Ok, I may be a cynic, but I wonder how much of the rant was directed at you over tithing, or more a cover to yell at you about the fact you quit giving her monetary handouts six months ago.
 
Ok, I may be a cynic, but I wonder how much of the rant was directed at you over tithing, or more a cover to yell at you about the fact you quit giving her monetary handouts six months ago.

No, you're simply a level-headed realist who can see a situation for what it is. :)

She never had any ill words to say to the OP about retiring early....as long as the "robbing-Jesus-to-pay-Paul" gravy train was flowing money to her. As the kaka has hit the fan over the past 6 months, the "friend" is desperate to get at least some money from somewhere, and her expected funds have probably not materialized like she expected - prompting her to more extreme and severe verbal attempts to manipulate the OP into tapping the cash flow spigot again.

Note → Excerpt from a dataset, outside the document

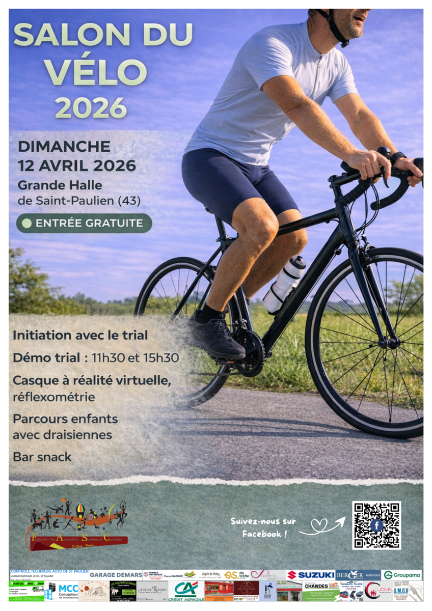 • Salon du Vélo 2026 : entrée gratuite, démos trial, stands, animations enfants, buvette.

Oh, she'll be back, that's for sure. With a much more calm 'apology' to the OP. She knows she was able to get money from her before, and she'll just try different avenues and different approaches to tug at her heartstrings.
 
I walked this morning with my husband and related to him what was going on. He did advise me to leave her alone and that he had been telling me that. He told when she calls (and she will and has) to tell her if she can't speak to me with any kind of human courtesy to just not call back. I think I'm going to do that. I may be a wimp about some things but I'm good at taking advice.

One of the reasons that I am putting up with her is that within the past year I have lost two long time friends who I talked to everyday. One was a cousin who recently and suddenly died and the other someone I worked with. Although I have many friends, she is the only friend I have left who I talk to everyday. I'd often complained about them calling me all the time but when they were gone I realized how much I miss those calls.

I am an enabler, always have been. My family have talked to me about this repeatedly but always in an insulting way; like I'm just lying down and letting people walk over me. Although it might seem like it, I'm not a complete fool. What I do I choose to do and I don't give what I can't afford and I don't do it just because someone asks. But I admit, in this case I think I've made a mistake and in the process of trying to fix it, I have created a monster.